A general question regarding the forthcoming Win 10 free upgrade for Win 7 & 8 users. My HP Pavillion laptop was purchased with Win 8.1 pre installed and the usual factory restore partition installed. My question is if I decide to upgrade the system would the embedded product key stay the same and would the restore partition be upgraded to the Win 10 OS at the same time? 

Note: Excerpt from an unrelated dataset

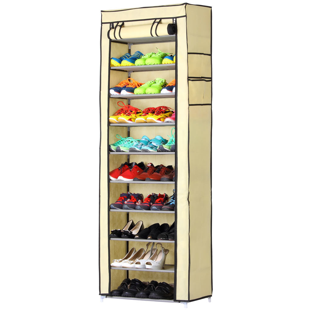 Scarpiera Salvaspazio 11 Ripiani 30 Paia Scaffale Acciaio e Tessuto TNT Beige

Apologies if I have posted in the wrong forum I was unsure whether to use this forum or Win 10.

shipboard.


----------



## Masterchiefxx17 (Feb 27, 2010)

*Re: Forthcoming free upgrade to Win 10*

The recovery partition of your PC will remain Windows 8. Only one section of your machine will be upgraded to Windows 10.


----------



## shipboard (May 23, 2007)

*Re: Forthcoming free upgrade to Win 10*

Thanks for the reply. Therefore I presume that my Desktop that is running Win 7 pro with a OEM system disk and legal key, if I update this to win 10 and I need for some reason to format the disk I could only format it back to Win 7 Pro with my current disc and license key. Or would Microsoft provide a Win 10 ISO download with the appropriate license key.

On the other hand would it be possible to create a recovery partition for the Win 10 system after the system had been updated.

shipboard.


----------



## sobeit (Nov 11, 2007)

*Re: Forthcoming free upgrade to Win 10*

until win10 is actually released anything said is just a guess. however, imo, your best bet will be to create an image or a clone before you upgrade and after you upgrade to make sure you have a backup of both for whatever you may need to do in the future.


----------



## shipboard (May 23, 2007)

*Re: Forthcoming free upgrade to Win 10*

sobeit thanks for the reply I will certainly take your comments into consideration when the time comes.

shipboard.


----------



## buzza24 (Mar 27, 2008)

Since Windows 8, there has been a built-in recovery method for the Windows OS that can wipe the applications and settings without going back to the OEMs factory image. 
Windows 8 - Refresh, reset and restore PC

With this would be available in Windows 10, you could use this to perform a reset of you computer without need ISOs or factory images upgraded AND without re-downloading the upgrade software.

It is also likley the upgrade will come from the Windows App Store like the Windows 8.1 Update did. This way they can verify the ligit key and tie the upgrade key to you Microsoft Account. This is just my guess though.


----------



## shipboard (May 23, 2007)

Buzza 24 thanks for your comments.

shipboard.


----------